6. Accordingly we consider that this circumstance makes a distinction between a suit brought in consequence of an order under Section 202 and an independent suit brought under Section 95. It is for this reason that we consider that it was open to the plaintiff to raise the question before the lower appellate Court as to whether the Munsiff was correct in making a reference to the revenue Court; and when the lower appellate Court came to the finding that the Munsiff was not entitled to make such a reference, then the lower appellate Court was not bound by Section 202(2) and need not dispose of the suit in accordance with the final decision of the revenue Court. We may refer to a somewhat similar case reported in Dhandei Kuar v. Chotu Lal A.I.R. 1922 All. 442. This was a first appeal to this Court from a decision by a Subordinate Judge in which the plaintiff had sued for possession of a number of villages, a market, groves and several houses. The defendant applied before the Subordinate Judge for a reference to the revenue Court under Section 202, Agra Tenancy Act, as he alleged that he was the tenant of the property in dispute.
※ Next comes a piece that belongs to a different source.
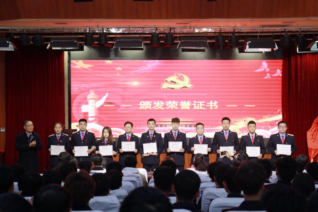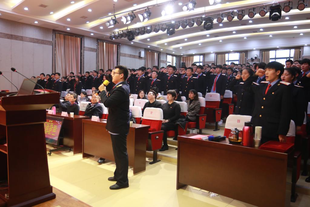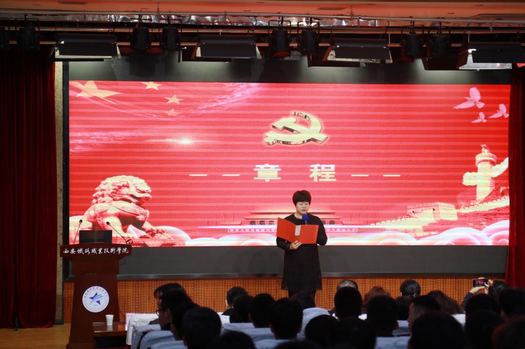 随后,思政部办公室副主任赵建英宣读“新时代学习社”章程,对学习社的成立宗旨、组织机构、学员制度等进行了详细介绍,并强调作为作为新时代铁路事业的建设者和接班人,要有新气象、新作为。由社长张尧同学带领学习社全体学员宣誓,望新老学员能深入了解学习社成立的初衷,不忘初心,砥砺前行。最后,由张治平向2019级学员代表尚超授社旗,旗帜是信念的载体,是老社员对新社员的传承,更是代表着对新一届学员的期望和祝福。

The Subordinate Judge made an order directing the defendant to institute a suit in the revenue Court for establishment of his right and decided the suit in accordance with what he considered to be the decision of the revenue Court. This Court in first appeal held that the Subordinate Judge was wrong in making a reference under Section 202, Agra Tenancy Act, and accordingly held that the decision of the revenue Court was rot binding on the civil Court. The matter had also been considered in a previous case between the same parties, reported in 39 All. 254.
7. Accordingly we consider that the lower appellate Court was entitled to grant the decree to the plaintiff, and we dismiss this second appeal with costs.